As noted above, findings on the homework-achievement connection at the elementary level are mixed. A small number of experimental studies have demonstrated that elementary-school students who receive homework achieve at higher levels than those who do not. These findings suggest a causal relationship, but they are limited in scope. Within the body of correlational research, some studies report a positive homework-achievement connection, some a negative relationship, and yet others show no relationship at all. Why the mixed findings? Researchers point to a number of possible factors, such as developmental issues related to how young children learn, different goals that teachers have for younger as compared to older students, and how researchers define homework.

Certainly, young children are still developing skills that enable them to focus on the material at hand and study efficiently. Teachers’ goals for their students are also quite different in elementary school as compared to secondary school. While teachers at both levels note the value of homework for reinforcing classroom content, those in the earlier grades are more likely to assign homework mainly to foster skills such as responsibility, perseverance, and the ability to manage distractions.

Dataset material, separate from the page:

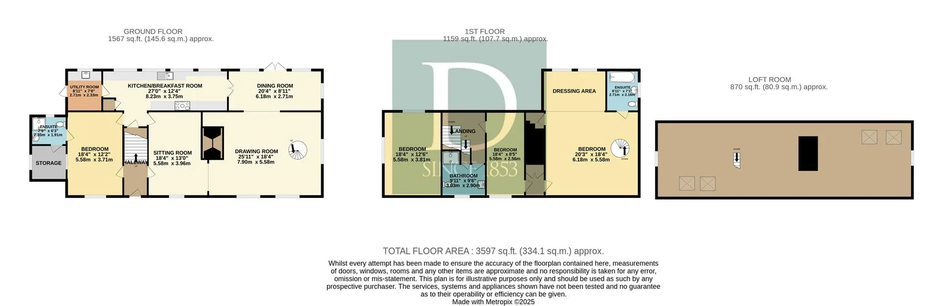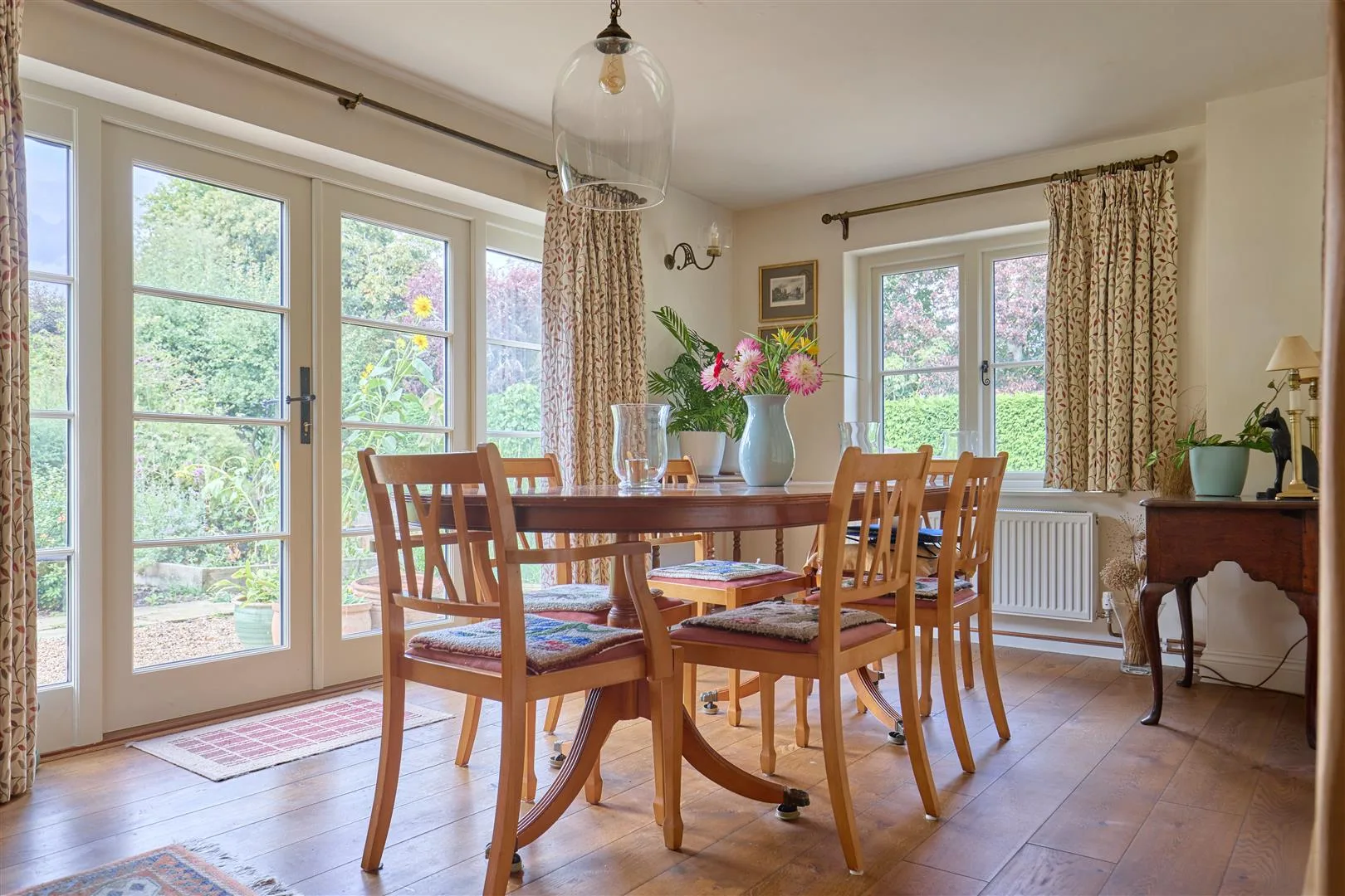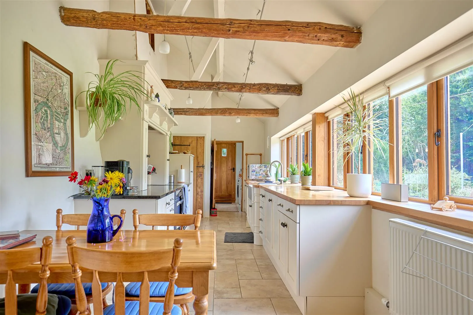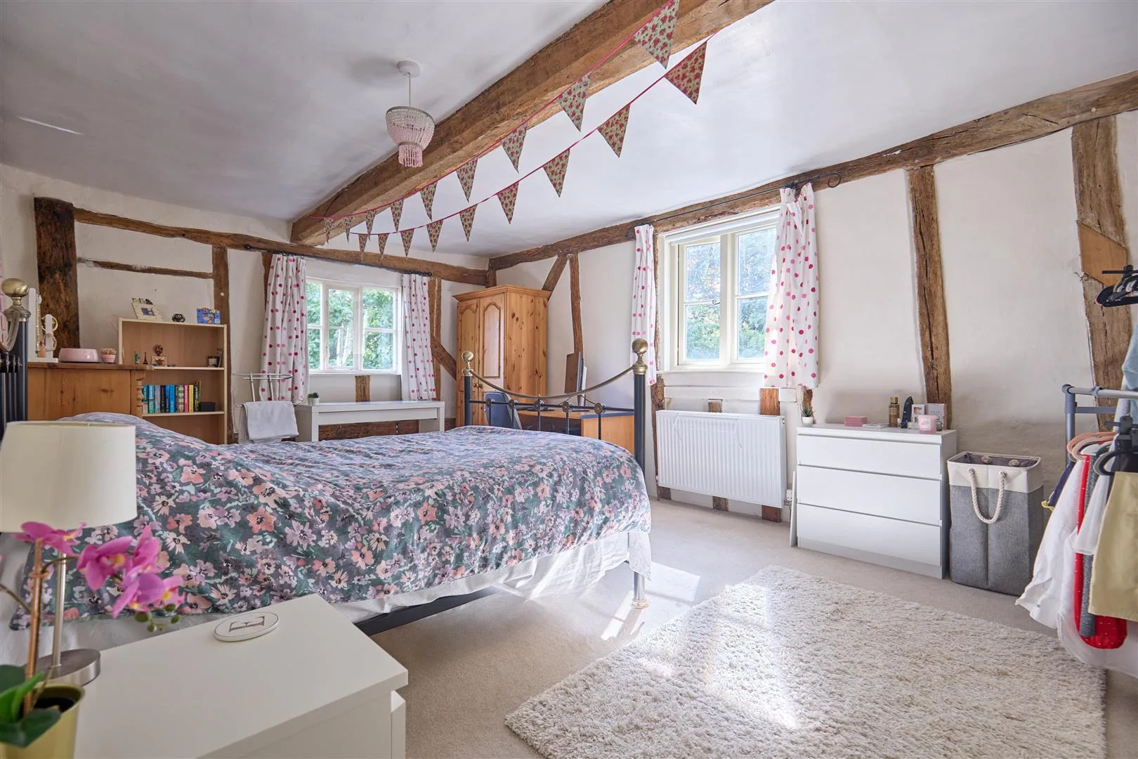 The front door opens to the entrance hall with stairs to the first floor. There is a door that leads to a ground floor bedroom suite which is ideal for future proofing. There is an attractive sitting room with feature fireplace and the room opens at one end into the superb drawing room with large inglenook fireplace with woodburning stove. There is a spiral staircase leading to the principal bedroom suite. The drawing room opens into a light-filled double aspect dining room with French doors to the garden and double doors to the kitchen/breakfast room. This is fitted with a comprehensive range of painted wooden wall and base units and has a delightful aspect over the garden. There is a useful utility room and a further store room. On the first floor the principal bedroom has a large dressing area and an ensuite bathroom and is filled with exposed timbers and character. There are two further double bedrooms and a family shower room. Stairs rise from the landing to an impressive loft room that could be used for a variety of purposes.

Most research examines homework generally. Might a focus on homework in a specific subject shed more light on the homework-achievement connection? A recent meta-analysis did just this by examining the relationship between math/science homework and achievement. Contrary to previous findings, researchers reported a stronger relationship between homework and achievement in the elementary grades than in middle school. As the study authors note, one explanation for this finding could be that in elementary school, teachers tend to assign more homework in math than in other subjects, while at the same time assigning shorter math tasks more frequently. In addition, the authors point out that parents tend to be more involved in younger children’s math homework and more skilled in elementary-level than middle-school math.

In sum, the relationship between homework and academic achievement in the elementary-school years is not yet established, but eliminating homework at this level would do children and their families a huge disservice: we know that children’s learning beliefs have a powerful impact on their academic outcomes, and that through homework, parents and teachers can have a profound influence on the development of positive beliefs.

How Much Is Appropriate?

Harris M. Cooper of Duke University, the leading researcher on homework, has examined decades of study on what we know about the relationship between homework and scholastic achievement. He has proposed the “10-minute rule,” suggesting that daily homework be limited to 10 minutes per grade level. Thus, a 1st grader would do 10 minutes each day and a 4th grader, 40 minutes. The National Parent Teacher Association and the National Education Association both endorse this guideline, but it is not clear whether the recommended allotments include time for reading, which most teachers want children to do daily.

For middle-school students, Cooper and colleagues report that 90 minutes per day of homework is optimal for enhancing academic achievement, and for high schoolers, the ideal range is 90 minutes to two and a half hours per day. Beyond this threshold, more homework does not contribute to learning. For students enrolled in demanding Advanced Placement or honors courses, however, homework is likely to require significantly more time, leading to concerns over students’ health and well-being.

Notwithstanding media reports of parents revolting against the practice of homework, the vast majority of parents say they are highly satisfied with their children’s homework loads. The National Household Education Surveys Program recently found that between 70 and 83 percent of parents believed that the amount of homework their children had was “about right,” a result that held true regardless of social class, race/ethnicity, community size, level of education, and whether English was spoken at home.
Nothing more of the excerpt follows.